* **WORK REQUIRED**: Please output exactly the lines from the one that holds "- Außenseite einer" through the final line of the data, and nothing else; leave out any pictures.

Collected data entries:
========
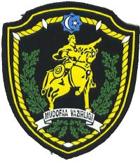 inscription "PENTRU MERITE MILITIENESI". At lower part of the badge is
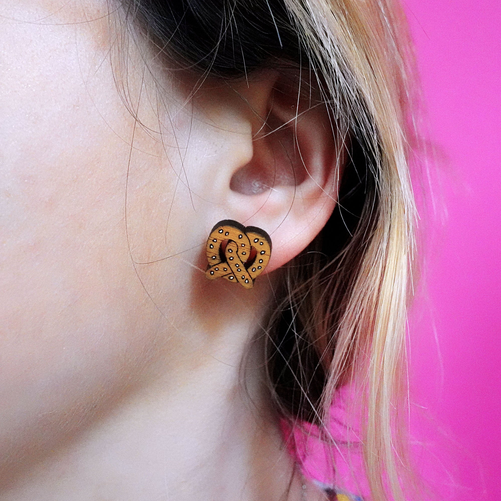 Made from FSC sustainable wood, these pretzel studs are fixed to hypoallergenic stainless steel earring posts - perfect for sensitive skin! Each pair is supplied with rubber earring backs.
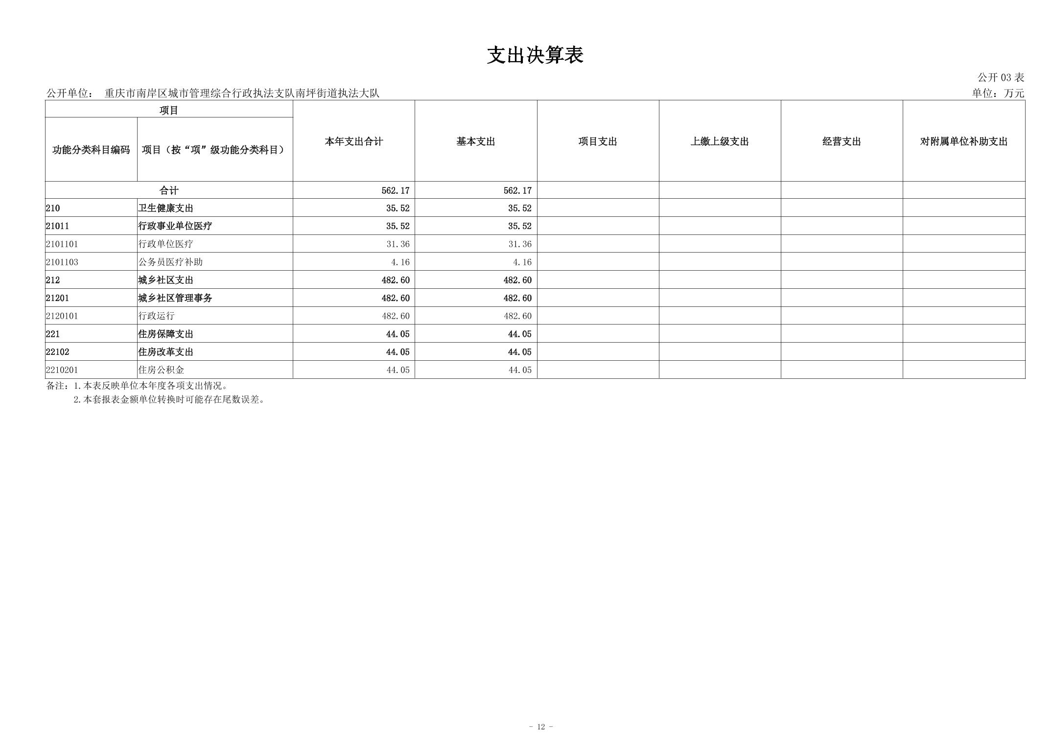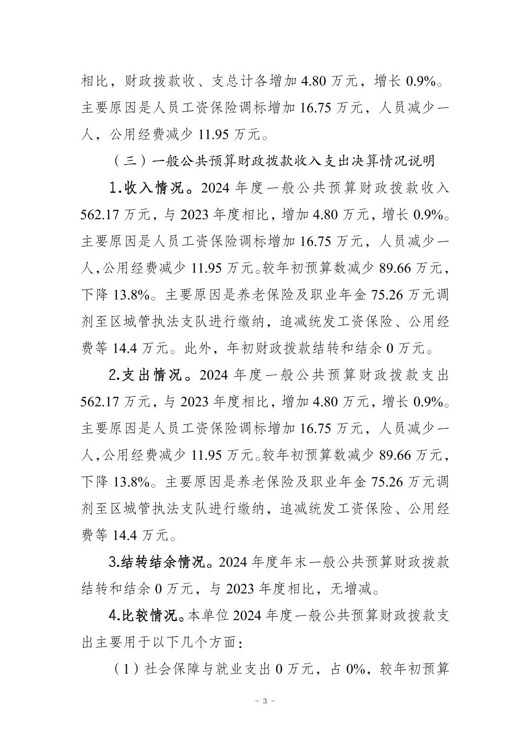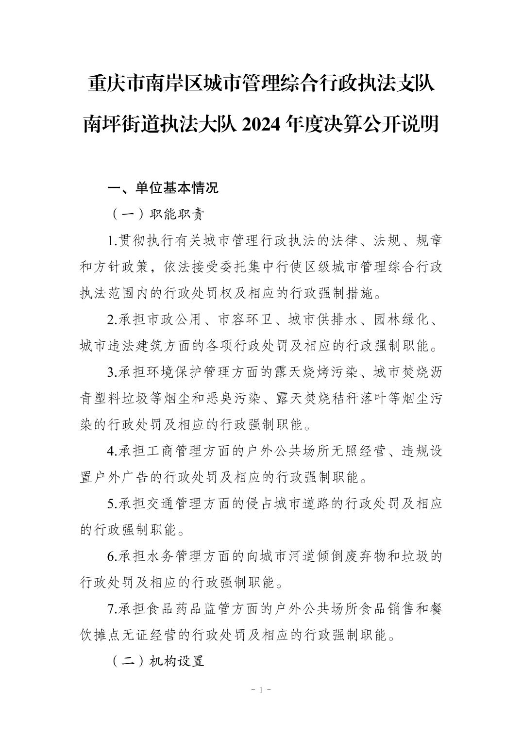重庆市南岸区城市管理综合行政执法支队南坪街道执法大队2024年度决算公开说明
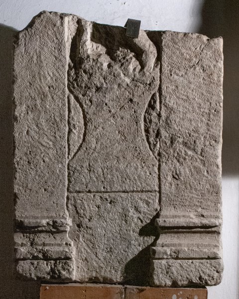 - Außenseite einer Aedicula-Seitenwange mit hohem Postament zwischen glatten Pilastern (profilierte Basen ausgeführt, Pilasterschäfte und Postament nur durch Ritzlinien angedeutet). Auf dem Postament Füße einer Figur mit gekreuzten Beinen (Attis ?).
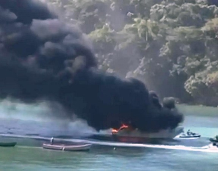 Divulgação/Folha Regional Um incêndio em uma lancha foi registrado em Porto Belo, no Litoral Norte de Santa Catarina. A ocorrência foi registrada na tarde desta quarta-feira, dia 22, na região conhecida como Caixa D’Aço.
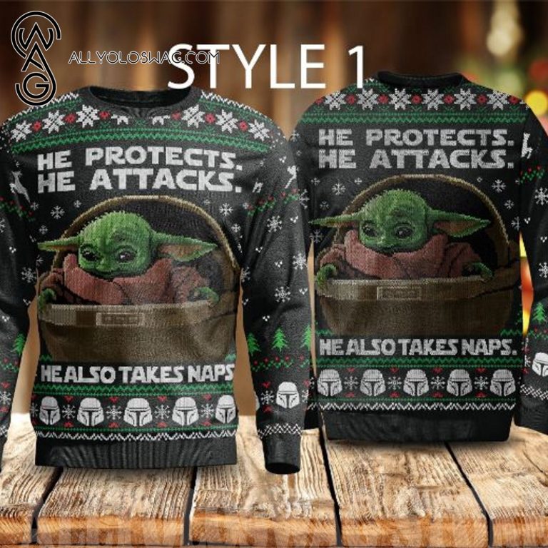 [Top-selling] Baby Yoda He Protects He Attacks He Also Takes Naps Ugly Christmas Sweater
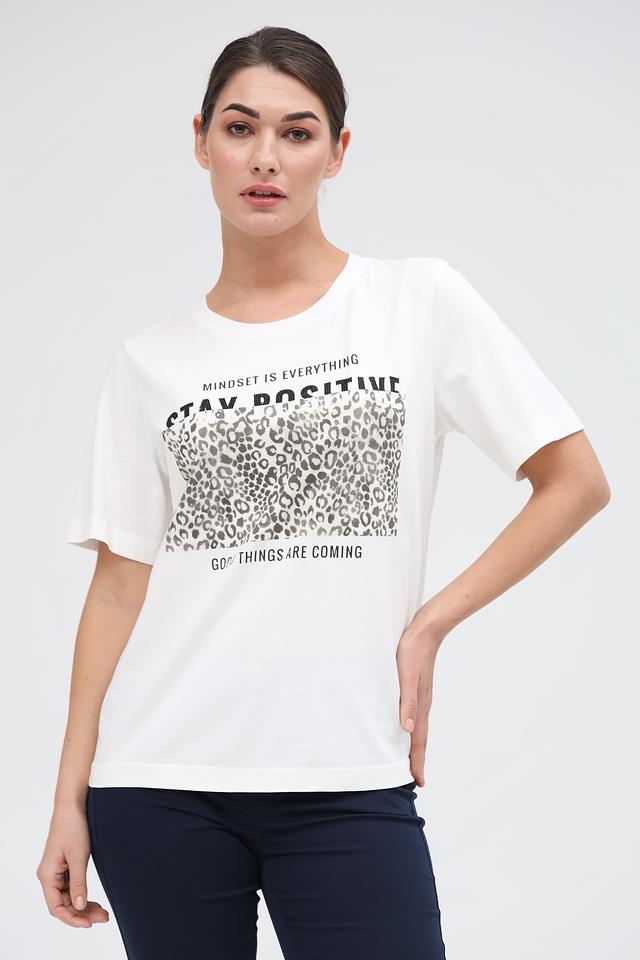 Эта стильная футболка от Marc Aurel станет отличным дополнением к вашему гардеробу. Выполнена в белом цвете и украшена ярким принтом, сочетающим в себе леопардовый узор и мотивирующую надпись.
========
* **SOLUTION**:
 - Außenseite einer Aedicula-Seitenwange mit hohem Postament zwischen glatten Pilastern (profilierte Basen ausgeführt, Pilasterschäfte und Postament nur durch Ritzlinien angedeutet). Auf dem Postament Füße einer Figur mit gekreuzten Beinen (Attis ?).
 Divulgação/Folha Regional Um incêndio em uma lancha foi registrado em Porto Belo, no Litoral Norte de Santa Catarina. A ocorrência foi registrada na tarde desta quarta-feira, dia 22, na região conhecida como Caixa D’Aço.
 [Top-selling] Baby Yoda He Protects He Attacks He Also Takes Naps Ugly Christmas Sweater
 Эта стильная футболка от Marc Aurel станет отличным дополнением к вашему гардеробу. Выполнена в белом цвете и украшена ярким принтом, сочетающим в себе леопардовый узор и мотивирующую надпись.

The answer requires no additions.